◆ WORK REQUIRED:
Nothing but the lines from the one containing "云南博聯(lián)保險經(jīng)紀" to the final line of the entries should appear, copied exactly and without pictures.

[[ SOURCE INFORMATION open ]]

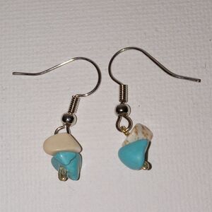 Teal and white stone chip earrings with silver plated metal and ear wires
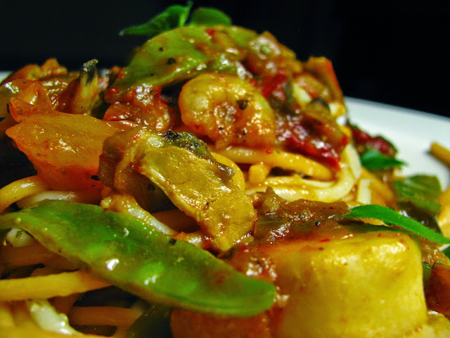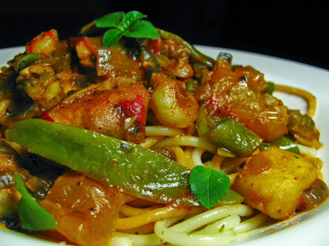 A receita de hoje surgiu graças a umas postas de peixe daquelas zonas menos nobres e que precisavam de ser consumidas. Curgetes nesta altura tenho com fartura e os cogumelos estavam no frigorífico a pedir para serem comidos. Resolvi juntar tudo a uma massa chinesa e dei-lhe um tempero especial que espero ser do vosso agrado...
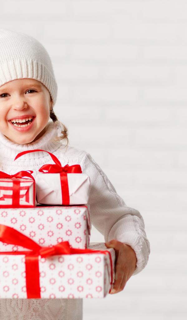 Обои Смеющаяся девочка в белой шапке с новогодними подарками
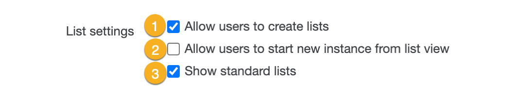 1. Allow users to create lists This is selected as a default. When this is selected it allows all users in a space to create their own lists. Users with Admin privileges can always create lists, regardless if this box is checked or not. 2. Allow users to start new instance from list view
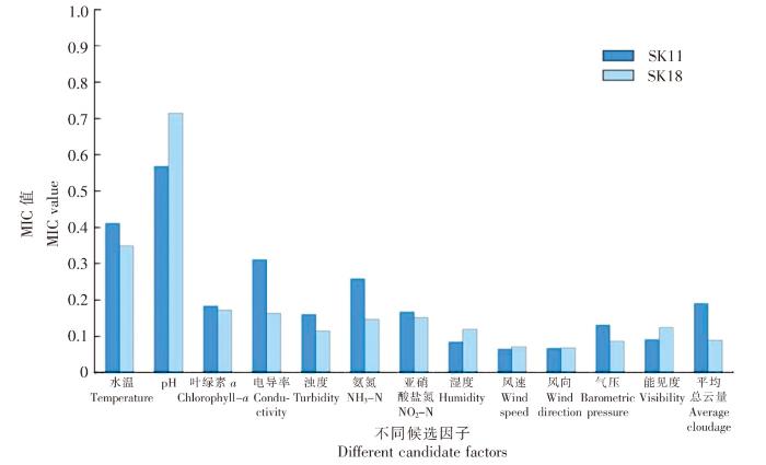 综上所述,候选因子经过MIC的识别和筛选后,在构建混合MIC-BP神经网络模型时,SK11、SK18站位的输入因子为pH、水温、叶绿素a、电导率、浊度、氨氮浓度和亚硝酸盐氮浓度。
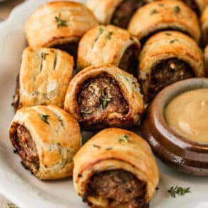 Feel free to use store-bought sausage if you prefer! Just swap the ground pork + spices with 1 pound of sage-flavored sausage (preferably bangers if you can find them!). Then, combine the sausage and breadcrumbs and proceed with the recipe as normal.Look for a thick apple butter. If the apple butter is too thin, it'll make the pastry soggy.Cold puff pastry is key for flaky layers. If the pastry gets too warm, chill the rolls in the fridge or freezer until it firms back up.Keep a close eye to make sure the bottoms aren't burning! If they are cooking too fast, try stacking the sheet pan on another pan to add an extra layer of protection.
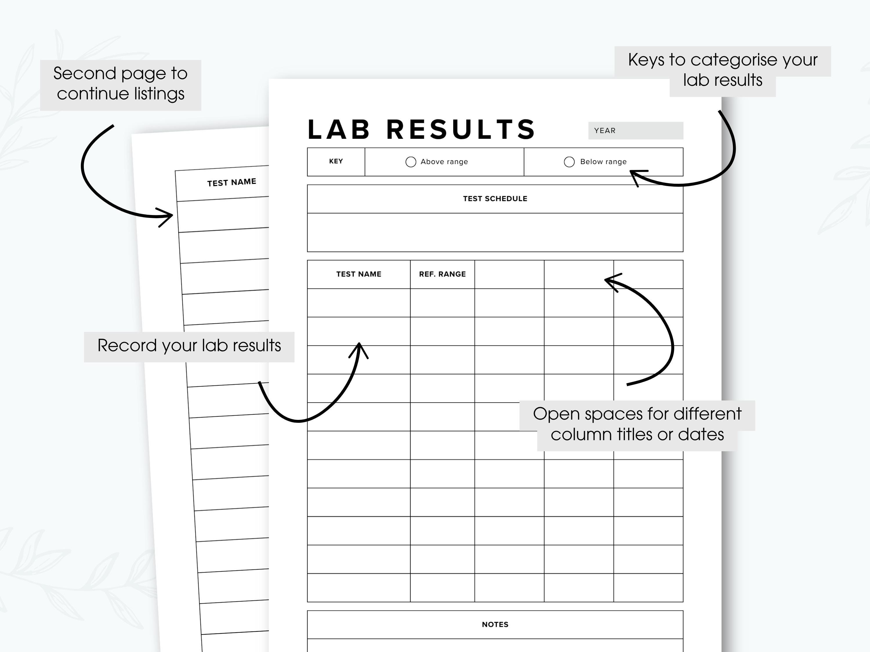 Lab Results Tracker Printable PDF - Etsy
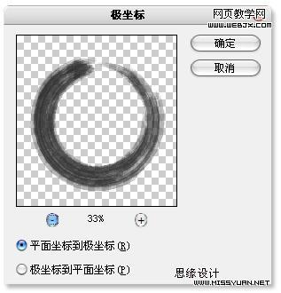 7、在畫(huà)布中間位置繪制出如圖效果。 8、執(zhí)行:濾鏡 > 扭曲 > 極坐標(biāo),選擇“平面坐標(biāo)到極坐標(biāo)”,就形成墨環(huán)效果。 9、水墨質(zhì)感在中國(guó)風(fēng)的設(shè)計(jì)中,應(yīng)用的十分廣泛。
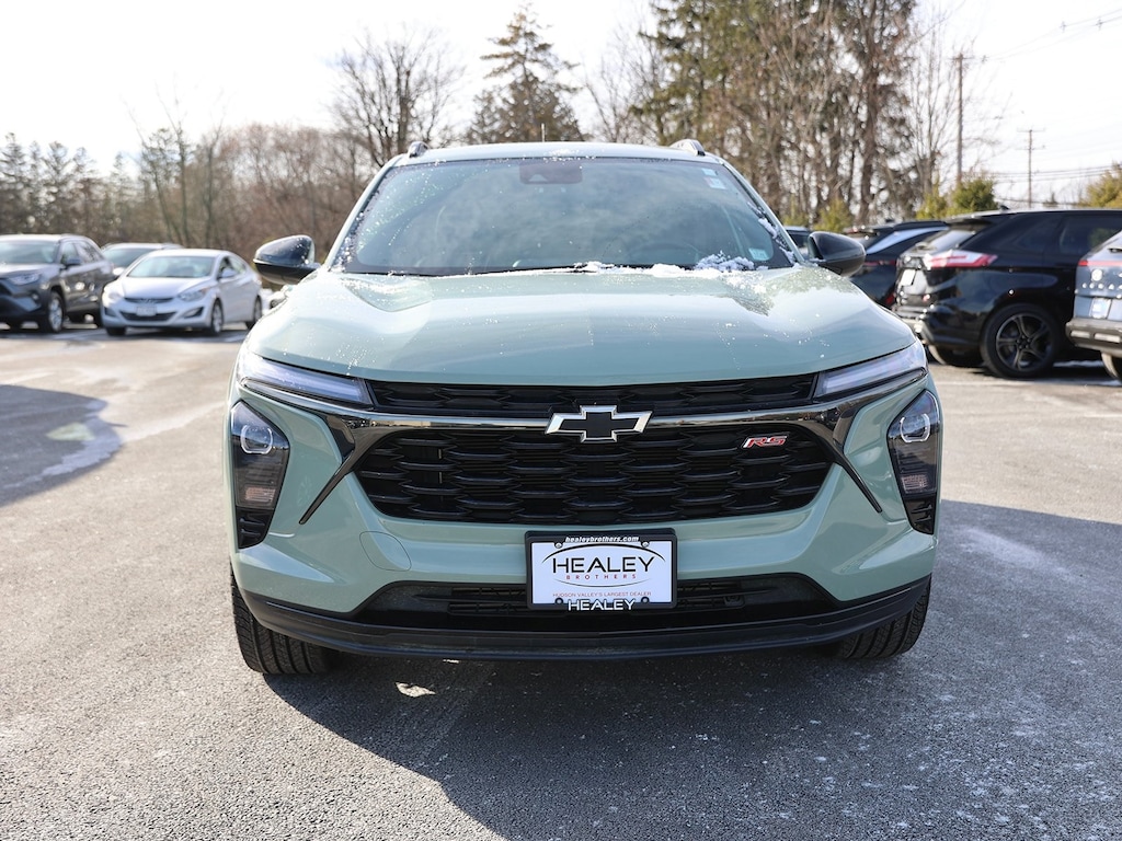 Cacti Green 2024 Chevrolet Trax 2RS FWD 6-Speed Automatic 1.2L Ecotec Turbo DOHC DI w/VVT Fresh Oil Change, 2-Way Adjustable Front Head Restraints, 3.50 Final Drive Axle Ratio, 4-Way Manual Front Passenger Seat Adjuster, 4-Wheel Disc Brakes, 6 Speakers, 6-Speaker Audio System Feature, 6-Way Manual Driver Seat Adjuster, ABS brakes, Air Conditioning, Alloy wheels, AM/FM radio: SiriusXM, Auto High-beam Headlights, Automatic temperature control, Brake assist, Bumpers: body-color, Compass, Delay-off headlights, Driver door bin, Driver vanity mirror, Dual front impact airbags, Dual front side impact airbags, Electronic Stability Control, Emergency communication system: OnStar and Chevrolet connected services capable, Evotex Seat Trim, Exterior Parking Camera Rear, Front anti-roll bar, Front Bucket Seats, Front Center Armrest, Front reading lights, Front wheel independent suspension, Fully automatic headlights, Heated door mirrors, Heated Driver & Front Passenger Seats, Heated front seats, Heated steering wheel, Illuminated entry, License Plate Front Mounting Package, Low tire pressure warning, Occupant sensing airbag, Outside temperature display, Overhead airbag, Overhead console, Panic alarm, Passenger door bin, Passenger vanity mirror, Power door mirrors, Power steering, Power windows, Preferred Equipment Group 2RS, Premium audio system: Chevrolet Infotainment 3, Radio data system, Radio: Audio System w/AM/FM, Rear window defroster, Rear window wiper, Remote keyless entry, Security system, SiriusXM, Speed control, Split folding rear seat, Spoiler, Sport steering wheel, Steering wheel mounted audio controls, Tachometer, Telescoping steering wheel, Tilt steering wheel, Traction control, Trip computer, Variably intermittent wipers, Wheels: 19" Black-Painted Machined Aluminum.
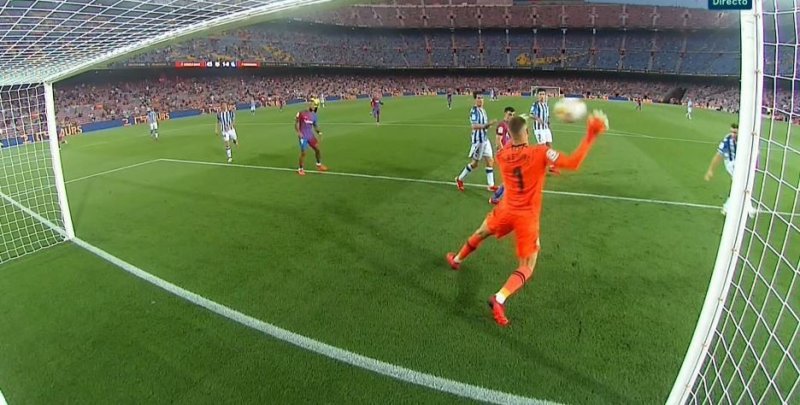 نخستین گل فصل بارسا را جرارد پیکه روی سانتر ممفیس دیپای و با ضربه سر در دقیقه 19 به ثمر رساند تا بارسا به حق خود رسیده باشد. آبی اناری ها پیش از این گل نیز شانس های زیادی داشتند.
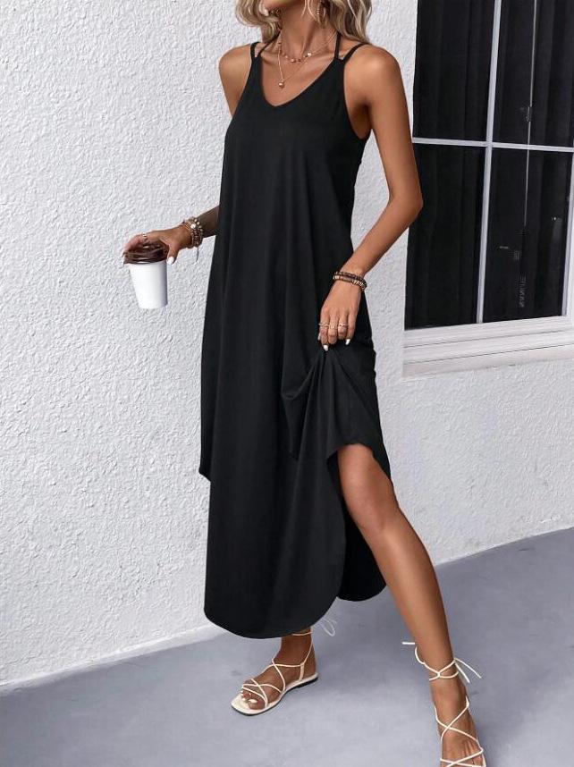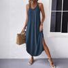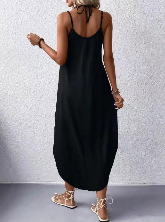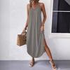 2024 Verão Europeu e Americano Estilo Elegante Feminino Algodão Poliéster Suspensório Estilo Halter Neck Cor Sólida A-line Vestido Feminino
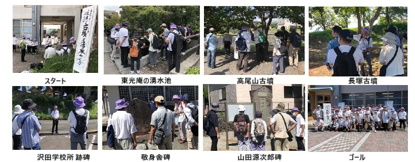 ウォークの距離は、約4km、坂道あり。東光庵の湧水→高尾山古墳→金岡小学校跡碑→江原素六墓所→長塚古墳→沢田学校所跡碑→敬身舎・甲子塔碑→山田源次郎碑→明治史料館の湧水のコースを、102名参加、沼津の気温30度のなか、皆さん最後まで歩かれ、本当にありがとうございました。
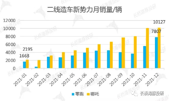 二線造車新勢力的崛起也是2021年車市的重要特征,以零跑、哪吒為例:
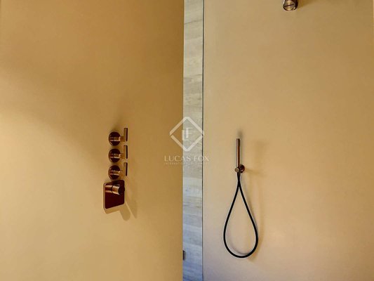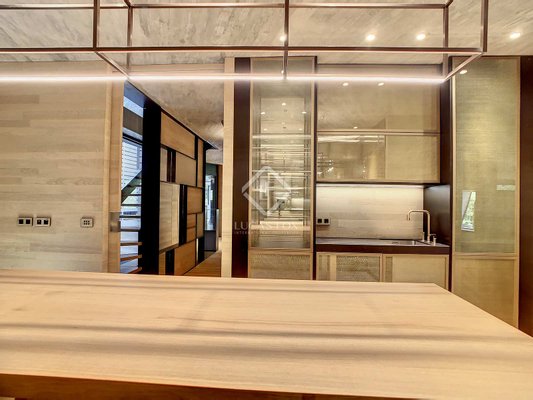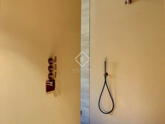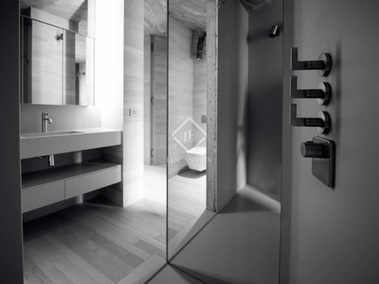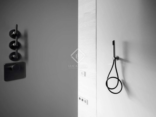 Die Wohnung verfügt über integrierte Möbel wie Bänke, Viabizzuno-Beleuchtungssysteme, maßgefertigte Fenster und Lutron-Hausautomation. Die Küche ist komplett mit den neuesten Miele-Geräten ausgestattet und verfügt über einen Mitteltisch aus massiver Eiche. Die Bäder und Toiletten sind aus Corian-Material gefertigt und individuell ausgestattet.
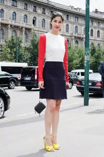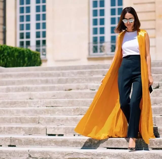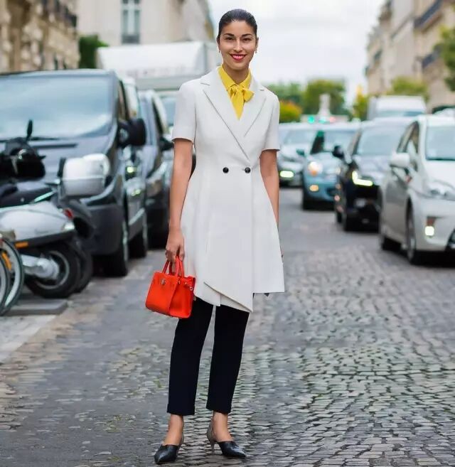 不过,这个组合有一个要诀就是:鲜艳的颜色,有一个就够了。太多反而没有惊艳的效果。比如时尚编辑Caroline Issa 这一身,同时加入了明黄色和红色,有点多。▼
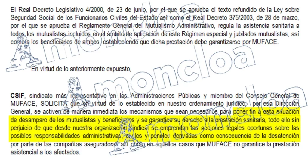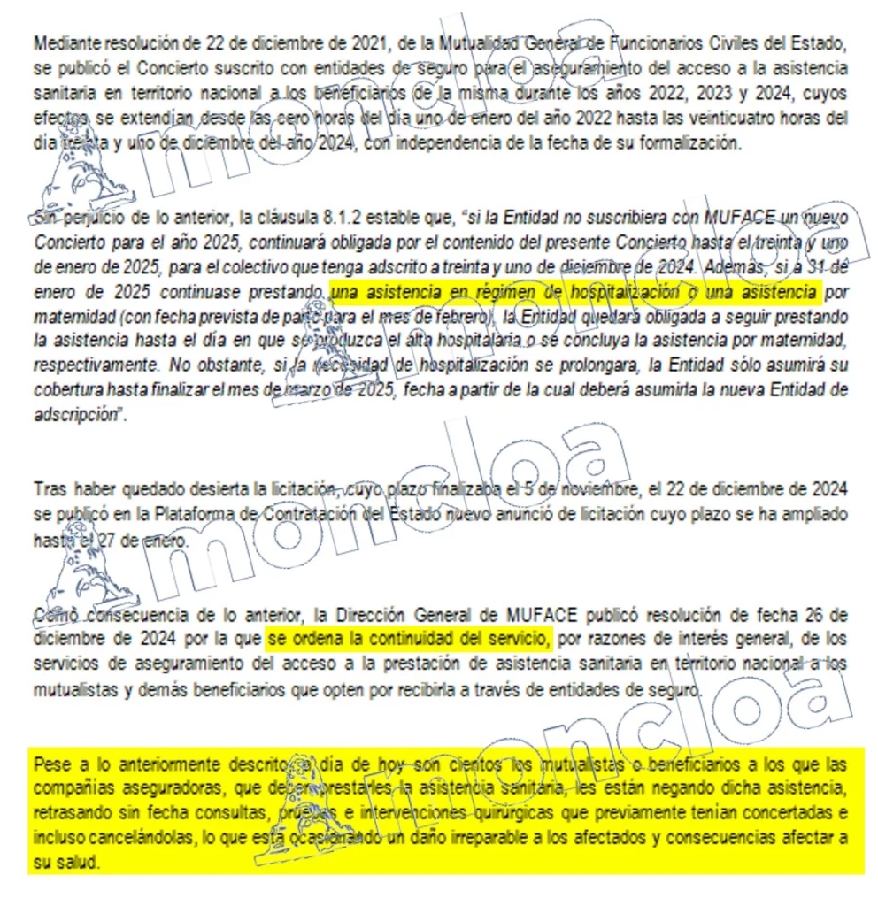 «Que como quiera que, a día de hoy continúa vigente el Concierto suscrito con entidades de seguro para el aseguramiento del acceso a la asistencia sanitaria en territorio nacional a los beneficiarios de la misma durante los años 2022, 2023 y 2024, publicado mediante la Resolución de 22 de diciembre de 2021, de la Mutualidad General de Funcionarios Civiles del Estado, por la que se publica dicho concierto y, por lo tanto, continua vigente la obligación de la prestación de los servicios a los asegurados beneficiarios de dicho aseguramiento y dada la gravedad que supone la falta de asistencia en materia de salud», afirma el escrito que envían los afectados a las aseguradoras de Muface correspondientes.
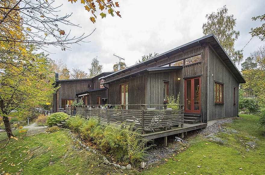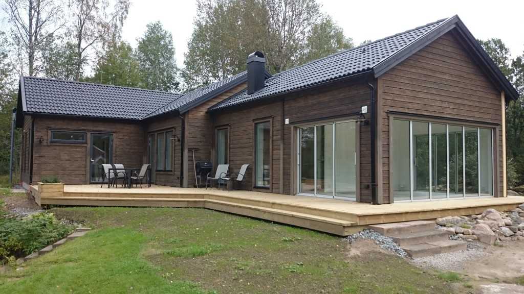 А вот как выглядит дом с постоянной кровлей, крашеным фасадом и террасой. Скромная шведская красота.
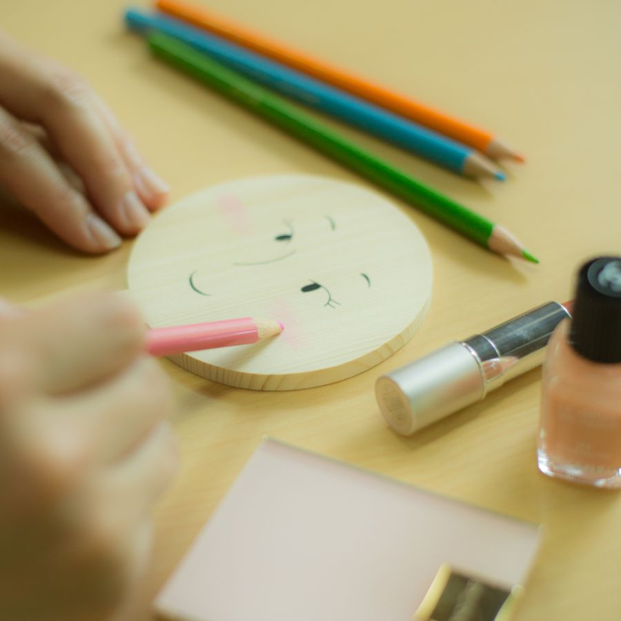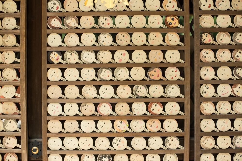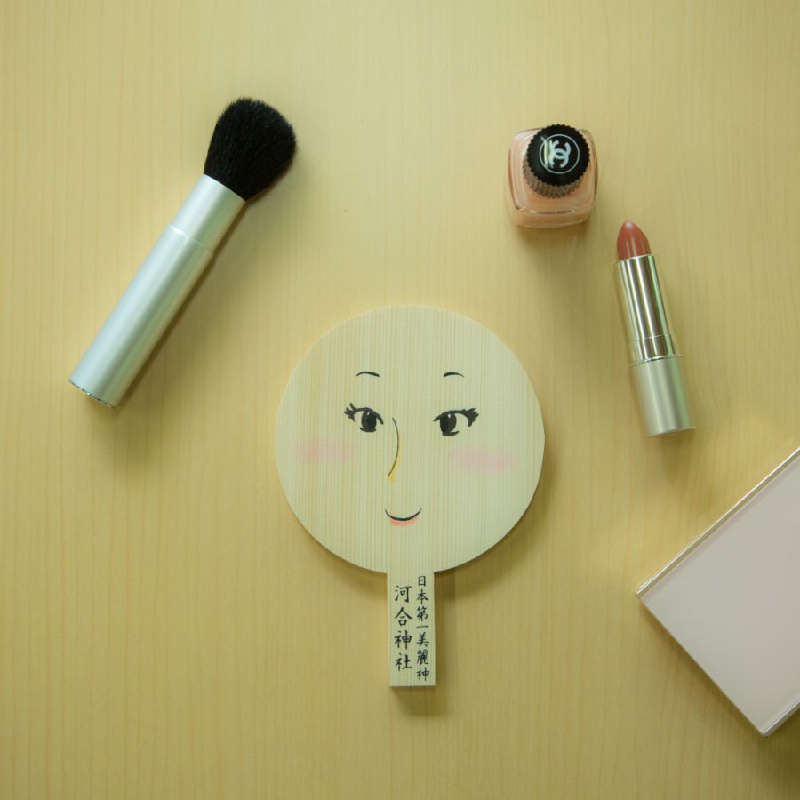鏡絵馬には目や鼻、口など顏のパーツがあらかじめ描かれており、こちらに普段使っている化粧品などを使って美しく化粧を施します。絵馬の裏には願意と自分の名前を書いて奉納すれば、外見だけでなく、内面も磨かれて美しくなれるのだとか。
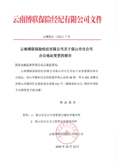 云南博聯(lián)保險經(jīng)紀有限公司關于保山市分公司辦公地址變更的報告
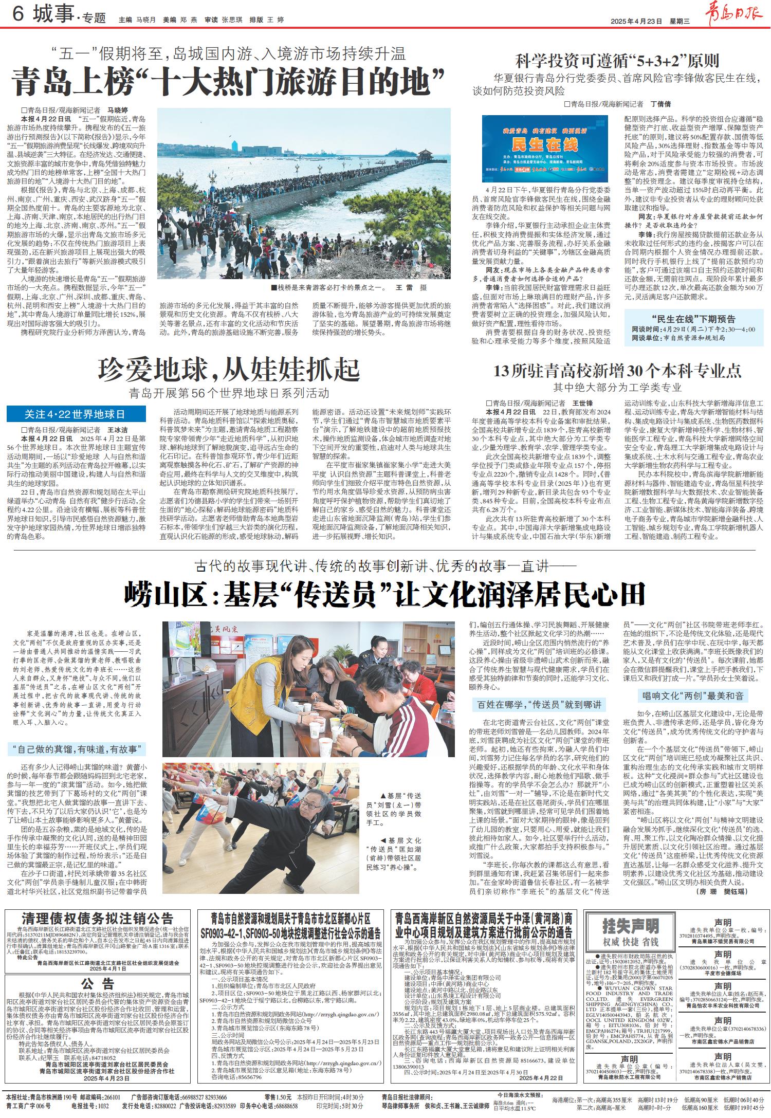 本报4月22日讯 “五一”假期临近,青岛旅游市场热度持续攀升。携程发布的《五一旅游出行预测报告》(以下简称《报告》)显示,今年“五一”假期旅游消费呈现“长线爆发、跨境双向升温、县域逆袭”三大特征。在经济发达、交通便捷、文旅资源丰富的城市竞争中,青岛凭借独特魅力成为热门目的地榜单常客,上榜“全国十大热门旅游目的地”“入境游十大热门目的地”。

[[ SOURCE INFORMATION closed ]]

◆ EXPECTED OUTPUT:
 云南博聯(lián)保險經(jīng)紀有限公司關于保山市分公司辦公地址變更的報告
 本报4月22日讯 “五一”假期临近,青岛旅游市场热度持续攀升。携程发布的《五一旅游出行预测报告》(以下简称《报告》)显示,今年“五一”假期旅游消费呈现“长线爆发、跨境双向升温、县域逆袭”三大特征。在经济发达、交通便捷、文旅资源丰富的城市竞争中,青岛凭借独特魅力成为热门目的地榜单常客,上榜“全国十大热门旅游目的地”“入境游十大热门目的地”。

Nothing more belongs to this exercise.